Once installed, geojsplit can be imported in like

```
from geojsplit import geojsplit

geojson = geojsplit.GeoJSONBatchStreamer("/path/to/some.geojson")

for feature_collection in geojson.stream():
do_something(feature_collection)
...
```

If the `/path/to/some.geojson` does not exists, `FileNotFound` will be raised.

You can control how many features are streamed into a Feature Collection using the batch parameter (Default is 100).

```
>>> g = geojson.stream(batch=2) # instatiate generator object
>>> data = next(g)
>>> print(data)
{"features": [{"geometry": {"coordinates": [[[-118.254638, 33.7843], [-118.254637,
33.784231], [-118.254556, 33.784232], [-118.254559, 33.784339], [-118.254669,
33.784338], [-118.254668, 33.7843], [-118.254638, 33.7843]]], "type": "Polygon"},
"properties": {}, "type": "Feature"}, {"geometry": {"coordinates": [[[-118.254414,
33.784255], [-118.254232, 33.784255], [-118.254232, 33.784355], [-118.254414,
33.784355], [-118.254414, 33.784255]]], "type": "Polygon"}, "properties": {}, "type":
"Feature"}], "type": "FeatureCollection"}
>>> print(len(data["features"]))
2
```

If your GeoJSON document has a different format or you want to iterate over different elements on your document, you can also pass a different value to the `prefix` keyword argument (Default is `'features.item'`).

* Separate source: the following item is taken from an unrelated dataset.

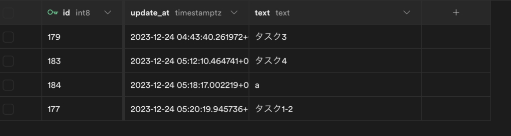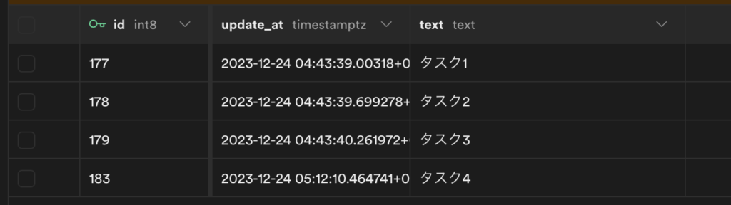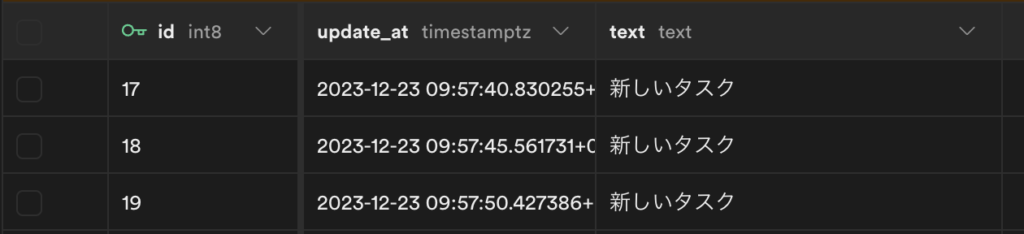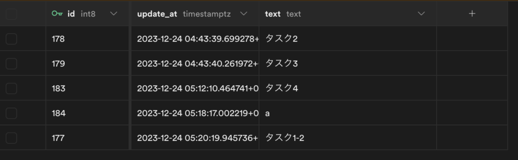を行い、Supabaseのテーブルを見ながらCRUDの全てがちゃんと行われているかどうか確認してみましょう!

This is an argument passed directly down to a `ijson.items` call, for more information see https://github.com/ICRAR/ijson.

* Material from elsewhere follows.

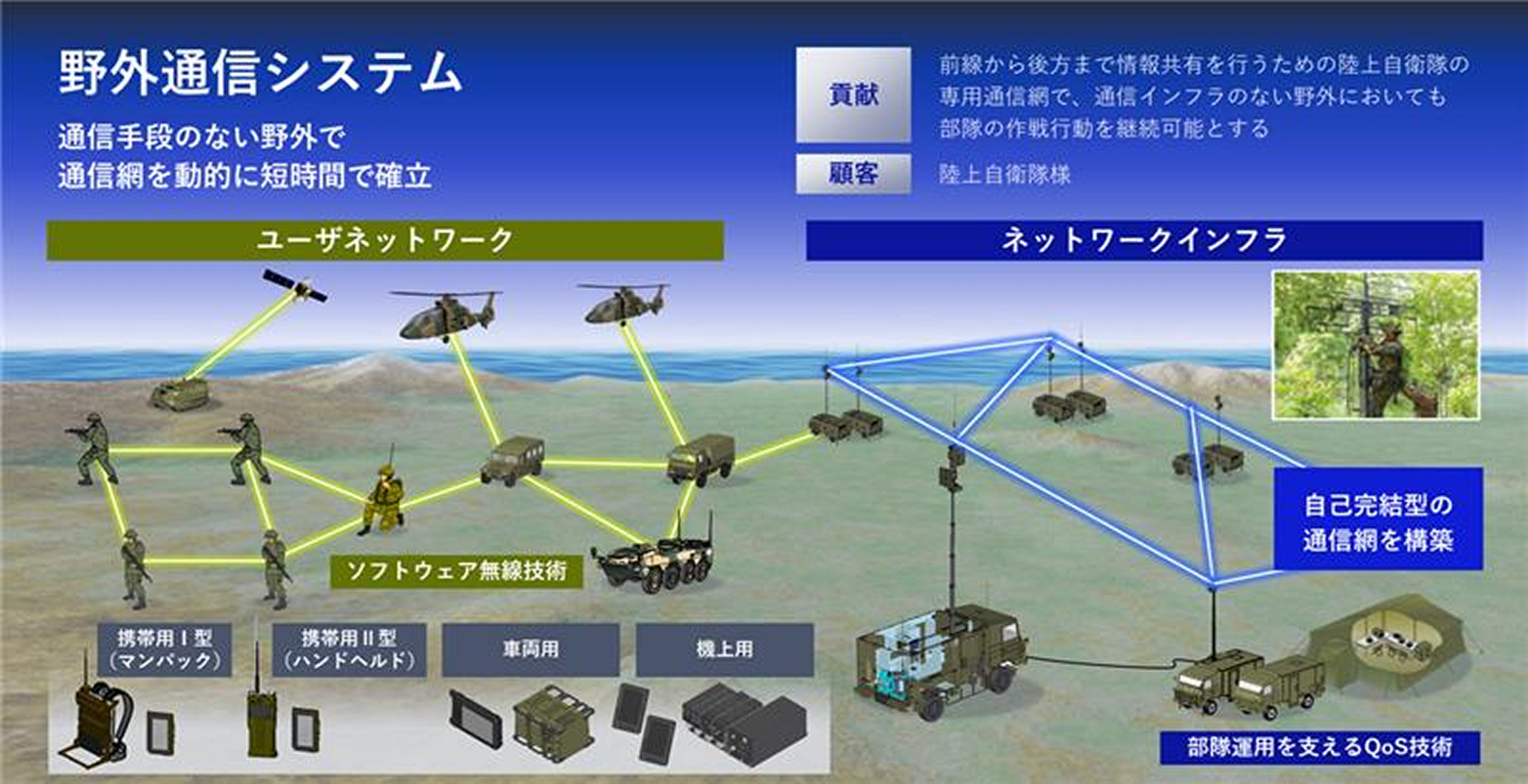陸上自衛隊の指揮統制システムでは、野外での広域展開、回線所要の増加に伴う通信システムの強化が不可欠でした。

### As a command line tool

After installing you should have the geojsplit executable in your `PATH`.

```
$ geojsplit -h
usage: geojsplit [-h] [-l GEOMETRY_COUNT] [-a SUFFIX_LENGTH] [-o OUTPUT]
[-n LIMIT] [-v] [-d] [--version]
geojson

Split a geojson file into many geojson files.

positional arguments:
geojson filename of geojson file to split

optional arguments:
-h, --help show this help message and exit
-l GEOMETRY_COUNT, --geometry-count GEOMETRY_COUNT
the number of features to be distributed to each file.
-a SUFFIX_LENGTH, --suffix-length SUFFIX_LENGTH
number of characters in the suffix length for split
geojsons
-o OUTPUT, --output OUTPUT
output directory to save split geojsons
-n LIMIT, --limit LIMIT
limit number of split geojson file to at most LIMIT,
with GEOMETRY_COUNT number of features.
-v, --verbose increase output verbosity
-d, --dry-run see output without actually writing to file
--version show geojsplit version number
```

By default splitted GeoJSON files are saved as `filename_x.geojson`. Default SUFFIX_LENGTH is 4, meaning that 456976 unique files can be generated. If you need more use `-a` or `--suffix-length` to increase this value appropriately.

The `--geometry-count` flag corresponds to the batch keyword argument for `GeoJSONBatchStreamer.stream` method. Note that if GEOMETRY_COUNT does not divide equally into the number of features in the Feature Collection, the last batch of features will be < GEOMETRY_COUNT.

Finally, to only iterate over the the first n elements of a GeoJSON document, use `--limit`.